We had less than an hour to grab clothing, sentimental items and pack up our dog and get out of the fire’s path. As I write this, our home is still in an area under mandatory evacuation. We are staying in the basement of a friend as we wait for news. At this point, we believe our home was spared significant damage, but we know several families who have lost everything.

The afternoon that we evacuated, I spent time writing a blog post on this month’s theme, how music has made an impact on my spiritual formation. Although I’m hoping to post that entry soon, I wanted to speak to the gratitude I feel to God and to the Conversations community for all of the support and prayer my family and my community have received over the past few days.

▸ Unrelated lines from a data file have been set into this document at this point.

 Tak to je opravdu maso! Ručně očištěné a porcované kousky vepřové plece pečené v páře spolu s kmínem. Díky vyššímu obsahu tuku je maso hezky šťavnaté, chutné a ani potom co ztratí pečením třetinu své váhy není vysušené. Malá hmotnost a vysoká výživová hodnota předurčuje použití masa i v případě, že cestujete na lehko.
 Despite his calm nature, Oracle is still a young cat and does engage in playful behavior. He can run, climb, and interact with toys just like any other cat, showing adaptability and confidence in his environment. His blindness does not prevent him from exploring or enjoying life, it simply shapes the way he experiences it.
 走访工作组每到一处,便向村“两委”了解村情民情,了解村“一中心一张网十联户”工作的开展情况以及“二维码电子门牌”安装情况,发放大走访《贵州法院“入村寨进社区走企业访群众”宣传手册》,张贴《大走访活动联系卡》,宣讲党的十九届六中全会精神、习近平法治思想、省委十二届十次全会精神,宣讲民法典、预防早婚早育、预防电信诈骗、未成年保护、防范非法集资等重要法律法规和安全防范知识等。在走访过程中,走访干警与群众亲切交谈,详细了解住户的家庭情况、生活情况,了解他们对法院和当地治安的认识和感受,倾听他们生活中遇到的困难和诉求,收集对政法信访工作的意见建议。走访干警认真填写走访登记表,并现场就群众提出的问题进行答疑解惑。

As blogger and friend Winn Collier quoted in a post this morning, “to love a person is to learn the song that is in their heart and to sing it to them when they have forgotten.” He went on to say

We all need people to remind us what is true about ourselves, pointing out with great delight our strength and beauty and splendidness. We need people who believe in, and trust, the deep good God Almighty has firmly planted within us. You can go anywhere and hear someone sing a song of rejection or regret, duty or obligation, judgment or dismissal. We need more songs of hope, more songs of everlasting friendship. We need more blessings before the sun sets. 

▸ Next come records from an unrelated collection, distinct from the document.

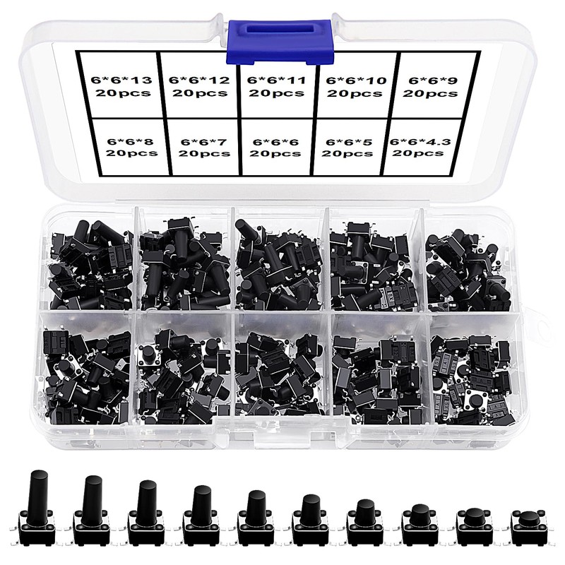 - Enough Quantity:10 kinds of tact switch, total 200 pieces.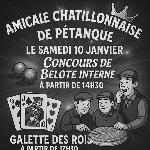 Venez passer un moment convivial le samedi 10 janvier avec un concours de belote interne a 14h30 et la dégustation de la galette à 17h30.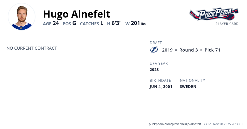 Hugo Alnefelt is a Restricted Free Agent. His last contract was 3 years, $2,552,499 with a cap hit of $850,833 per season. It expired at the end of the 2023-24 season.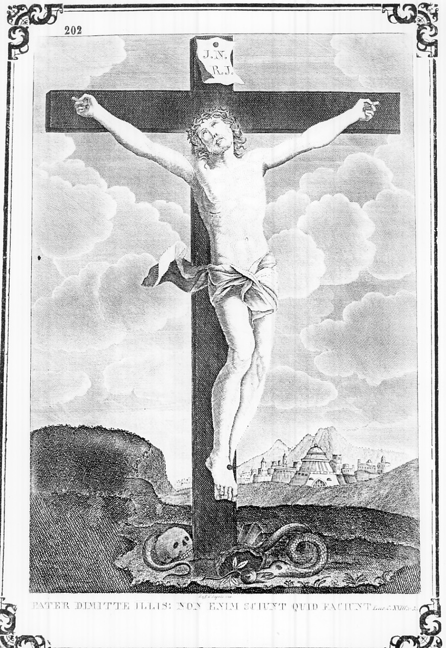 - ISCRIZIONI margine basso Crocifissione - RAFF. D'ANGELO INC - corsivo - a impressione -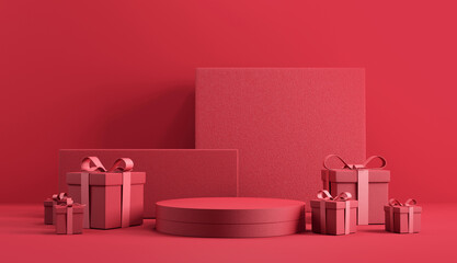 Minimal abstract product background for Valentine and Christmas, Podium with red gift box on red background. 3d render. stage for product design.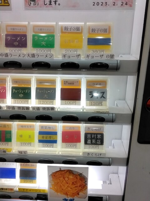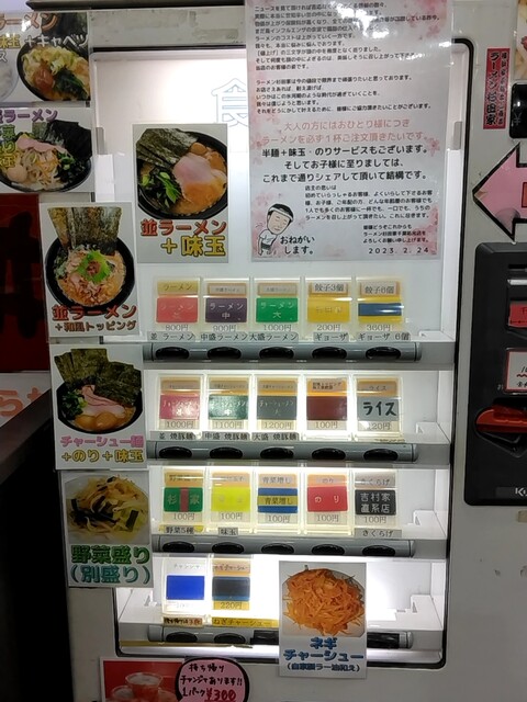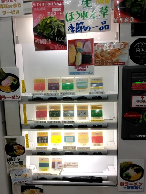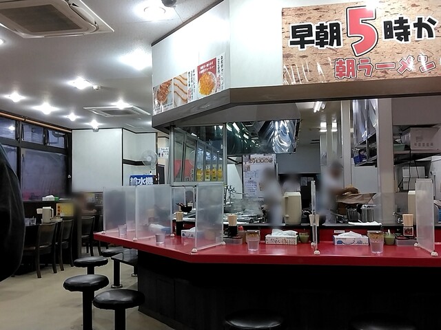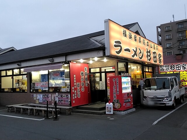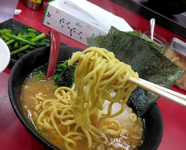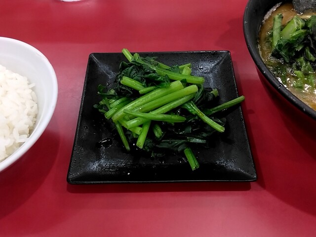 平日の今日は早起きして杉田家千葉祐光店に伺いました。AM4時45分頃店着、第一駐車場残り2台しか空いてません・・・既に先客7名に接続です。先週のアド街で新杉田本店がテレビ放映あったのが影響あるんでしょうか?前2回開店同時ぐらいに伺った時より早朝のお客様多い感じです。AM5時ちょうどに開店です。券売機でメニューをチョイス。おっ左型の券売機が新しくなってますね。今日はラーメン並800円、ライス120円、生ほうれん草180円をお願いしました。ロットが7名づつの様で7名席に着いたところで窓側の席の1番に座りお待ちくださいとの事。ですが、すぐにカウンターに案内されました。食券渡す際に好みを聞かれます。麺カタでお願いしました。待つこと7~8分ぐらいでしょうか、ご対~麺!生ほうれん草は100gとの事でボリュームありますよ。まずはスープから頂きます。やっぱり旨いな~。粘度高めでねっとりとして濃厚豚骨は醤油のキレ、豚骨、鶏油のバランスが最高ですね!生ほうれん草がシャキシャキで旨い。こだわりのかけ醤油がかかった生ほうれん草は甘みたっぷり、シャキシャキです。途中麺に投入、旨いな~。麺は固めで正解、チャーシューはスモーキーで相変わらず旨い。ライスにはもちろん豆板醤+短冊生姜オンザライスのスープでヒタヒタにした海苔での海苔巻き!最高の朝食でした。次回は野菜盛トッピングにしてみたいと思います。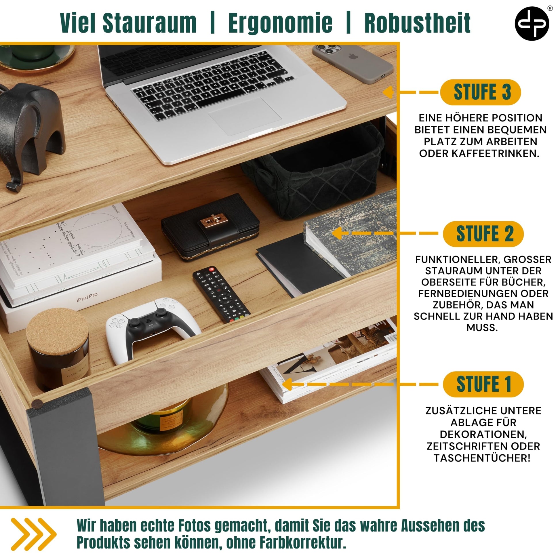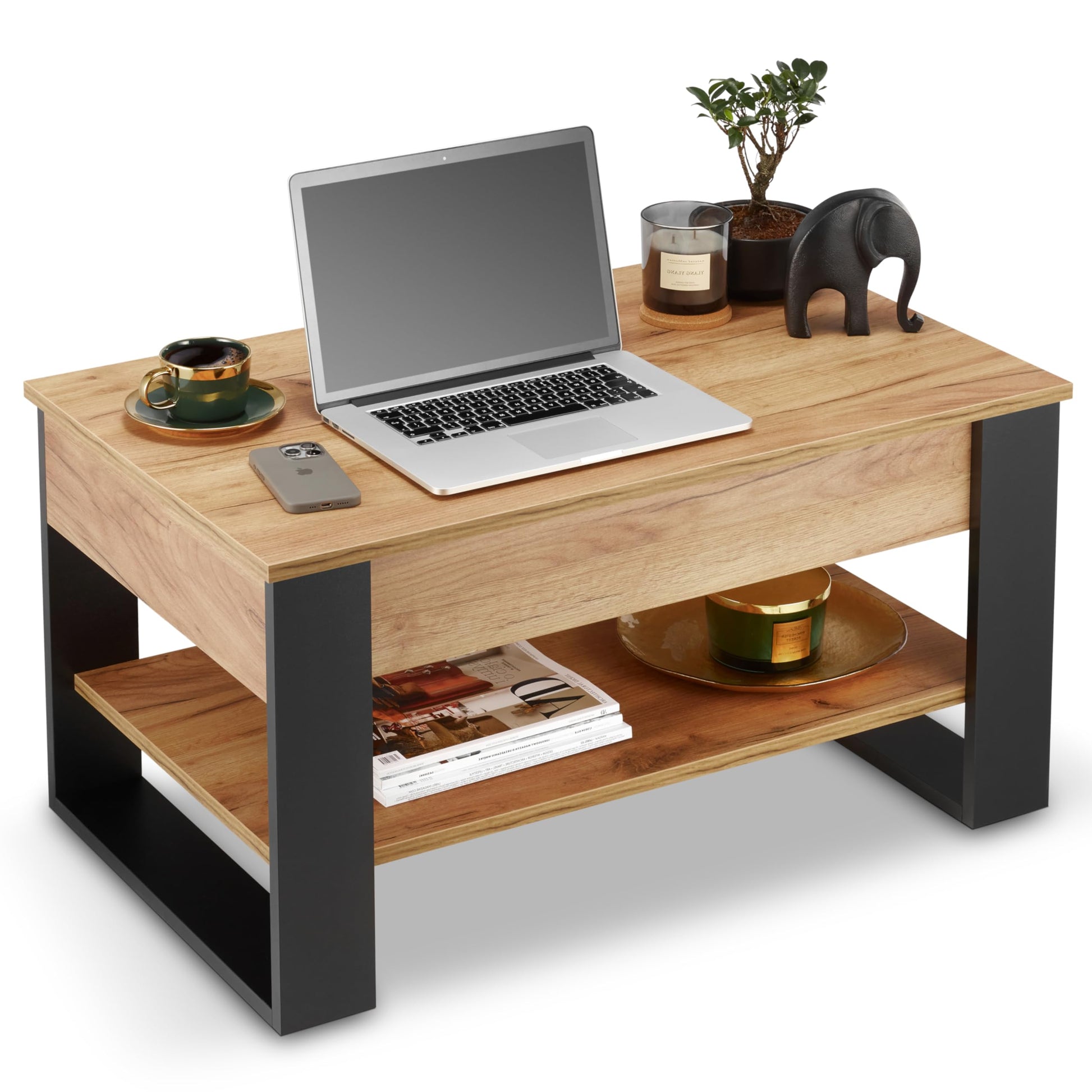 - Durchdachter Stauraum: Bietet eine grosszügige untere Ablagefläche (85 x 45 cm) sowie ein verborgenes Fach unter der anhebbaren Tischplatte, um Alltagsgegenstände ordentlich zu verstauen.
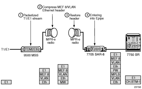 When TDM2Ethernet transport is required, the 9500 MSS packetizes the TDM2Ethernet stream using a MEF 8 frame format; the 7705 SAR-8 or 7705 SAR-18 acts as the MEF 8 endpoint. From a packet flow perspective, the TDM2Ethernet MEF 8 stream is a VLAN flow that can be handled by a VLAN SAP into an Epipe service going into the 7705 SAR-8 or 7705 SAR-18. To optimize the microwave bandwidth for the TDM2Ethernet MEF 8 transport, the packet header is compressed at the ingress MPR-e radio (connected to the 9500 MSS) and restored at the egress MPR-e radio (connected to the 7705 SAR-8 or 7705 SAR-18). In order for the egress MPR-e radio to perform this function, the parameters listed below are configured for an Epipe SAP on a 7705 SAR-8 or 7705 SAR-18; see Epipe Service Configuration Commands for more information:

I want to say thank you to all the people who have sung those songs back to me and to everyone in the Colorado Springs community during this traumatic time. Thank you to our managing editor, Joannah Sadler, our Executive Editor, Gary Moon, and my assistant, Lorien Magnus, who have shouldered the load of running the journal and continuing to work on producing Issue 10.2 while I focus on the events here in Colorado. Not only are they picking up the slack, but I know that they are praying for us as well. Thank you to my incredible team of section editors who have also expressed their support. Thank you to you, our Conversations community, for your prayers and support.

A dear friend sent a song to me as a gift on iTunes yesterday as a show of support and prayer. Once again, I heard God reaching out in song to hold my heart in this unstable time,

But when I’m alone
When I’ve thrown off the weight of this crazy stone
When I’ve lost all care for the things I own
That’s when I miss you, that’s when I miss you
You are my home
You are my home now

Please continue to be in prayer for those families who have lost their houses. If you’d like a way to help practically, at the end of this post are links to a number of organizations who are helping victims, evacuees like myself and the firefighters who are so valiantly battling the fire still burning here.

With great thanks,

Tara Owens

Ways You Can Help:

McCabe’s Tavern—offering the “Adopt a Fire Fighter” program. Customers can purchase a meal for a fire fighter and McCabe’s will match it. The meal their our famous house made Green Chili Mac & Cheese and the cost is $8.95. These men and women are growing very tired and hungry, lets give them a hot meal and a warm hug to keep their spirits up and let them know how much we appreciate them.
No fire fighter will be turned down for a free meal at McCabe’s.

Wildfire Tees—100% of proceeds from t-shirts purchase go to help the victims of Colorado wildfires

Get Help, Give Help—a resource from where you can find links to the Red Cross, United Way, Care & Share and other organizations helping the evacuees and victims.